Модификации романной формы в прозе Запада второй половины ХХ столетия - Валерий Пестерев
Шрифт:
Интервал:
Закладка:
Собственно, подобный способ восприятия произведения читателем и обретения им художественной истины переходит в романное творчество из поэзии и, по сути, является поэтическим. «Поэзия — не суждение о человеческой жизни и не истолкование этой жизни, — пишет Октавио Пас в эссе «Явленная тайна». — Струящийся поток образов и ритмов просто выражает то, что мы есть, выявляет наш удел, каким бы ни был непосредственный конкретный смысл стихотворных строк. Не боясь повториться, стоит еще раз напомнить о том, что одно дело значение слов поэтического произведения и другое — смысл поэзии»[518]. Поэтический принцип, постепенно становясь достоинством прозы еще на рубеже прошлого и нынешнего столетий (вспомним «Наоборот» (1884) Ж.-К. Гюисманса, «Пана» (1894) К. Гамсуна, «Записки молодого Мальте Лауридса Бригге» (1910) Р.М. Рильке или «Петербург» (1914) А. Белого), в первой половине века утверждается в качестве эстетической нормы субъективного романа (и «лирического» образца, и «поэтического»), к примеру в эпопее М. Пруста, и в «Вечере у Клэр» (1929) Г. Газданова, и в «Портрете художника в юности» (1916) и в «Улиссе» (1922) Дж. Джойса, и в «Степном волке» (1927) Г. Гессе. Во второй половине века эта традиция восприятия романа не под знаком сюжета или исследования человеческого характера, а как эмоционально и интеллектуально активное переживание «художественной реальности» романной прозы индивидуально и новаторски проявилась, скажем, в «Моллое» (1951) С. Беккетта, в «Аде, или Радостях жизни» (1969) В. Набокова, в «Последнем мире» (1988) К. Рансмайра или в прозе «ретро» П. Модиано, от гонкуровского романа «Улица Темных Лавок» (1978) до последнего по времени публикации — «Из самых глубин забвения» (1996).

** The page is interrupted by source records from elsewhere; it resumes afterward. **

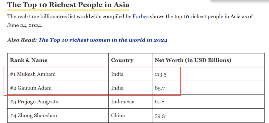 值得注意的是,2023年1月,兴登堡研究指控阿达尼集团操纵股价和会计欺诈,一度导致阿达尼集团的市值蒸发1500多亿美元。阿达尼也因此失去了“亚洲首富”宝座。其竞争对手印度信实工业主席穆克什·安巴尼成为亚洲新首富。
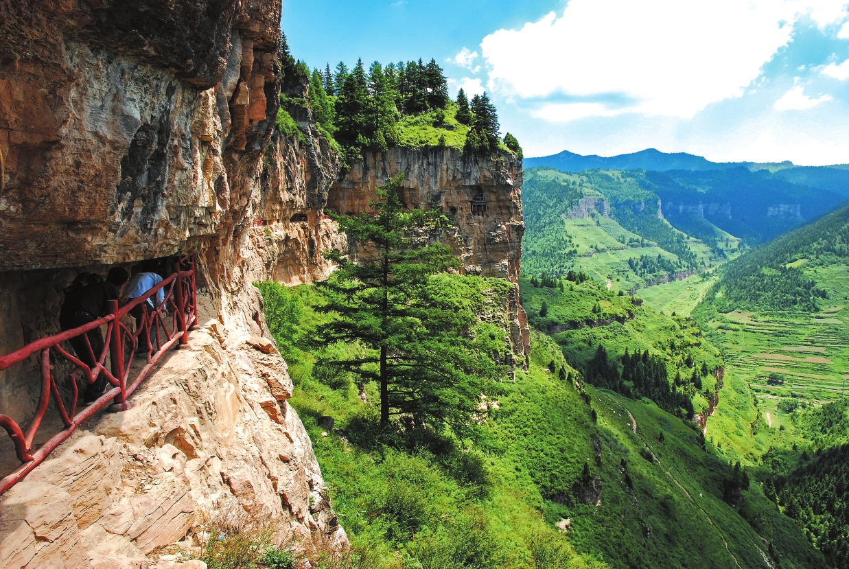 懸崖棧道位于寧武縣清真山,屬額狀丹霞巖地貌,由唐代貞元年間始建的佛教懸空古剎群與棧道共同構(gòu)成。棧道原長(zhǎng)42華里,現(xiàn)有修復(fù)段5華里及羅漢殿、毗盧殿等建筑群,其中羅漢殿“回聲階”屬全國(guó)五大回聲建筑之一。懸崖棧道的攀爬較為艱險(xiǎn),需要兩個(gè)小時(shí),途中要攀登懸崖、臺(tái)階,還要穿越僅可容一人通過的山間隧道。
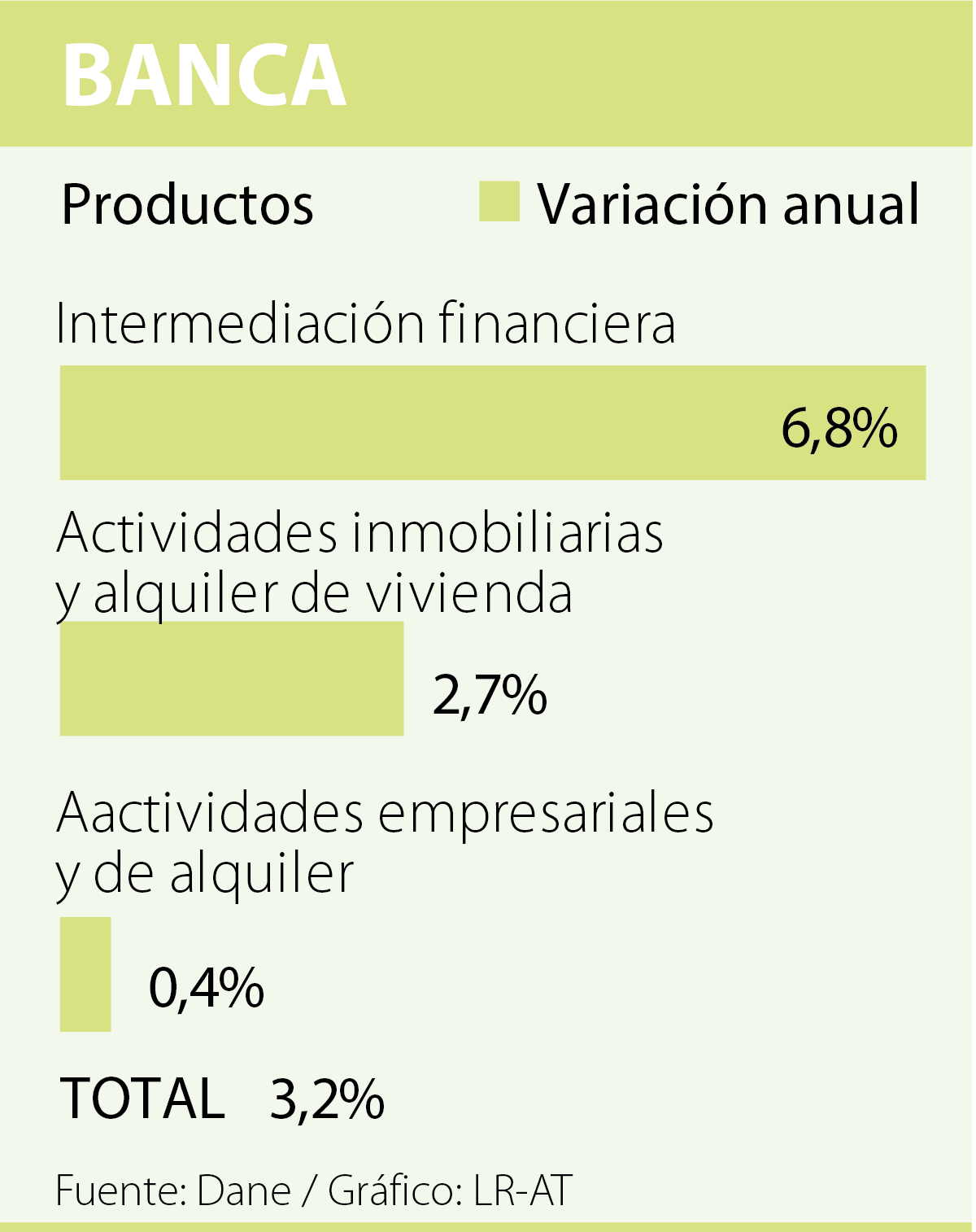 Los establecimientos financieros y seguros se mantienen como el segundo sector jalonador de la economía. De acuerdo con el Dane, esta rama creció 3,2%, cifra que es explicada por el aumento de los servicios de intermediación financiera en 6,8%, actividades inmobiliarias y alquiler de vivienda en 2,7%, y las actividades empresariales y de alquiler en 0,4%.
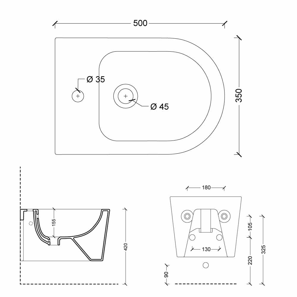Modern ceramic wall hung bidet Shine Square 50x35cm, made in Italy
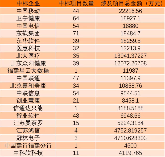 在涉及金额排名前20位的企业中,排名最高的是中国移动,44个项目涉及金额22216.56万元。与之情况相似的则是中国电信,54个项目涉及金额18880万元。不过,这两家通信运营商中标项目基本都是价值较高且高度集中的通信系统集成,情况较为特殊。排名第二的卫宁健康涉及金额高达18927.1万元。无论以项目数量还是总金额,卫宁健康这家企业都可以进入前二名,显示了老牌医疗信息化企业的底蕴。

Это свойство порождается поэзией как искусством особой фигуративности. В поэзии, полагал Сен-Жон Перс, «аналогическая и символическая мысль, озарения сопрягающего образа, игра его соответствий, тысяча цепочек связей и причудливых ассоциаций и, наконец, великий дар языка, воплощающий само движение Бытия, открывают поэту сверхреальность, неведомую науке»[519]. В этих свойствах предстает и «Хазарский словарь» — роман поэтический. И как проза этого рода включает в структуру словаря свойства «поэтической композиции», в числе приемов которой «роль внефабульных элементов — снов, воспоминаний, вставных вымышленных фрагментов; разветвленная сеть лейтмотивов, со- и противопоставляющих персонажей, эпизоды, отступления; игра с точками зрения, в частности частичное отождествление рассказчика с одним или несколькими персонажами; систематическая опора на литературные подтексты, часто общие, в обрисовке характеров»[520].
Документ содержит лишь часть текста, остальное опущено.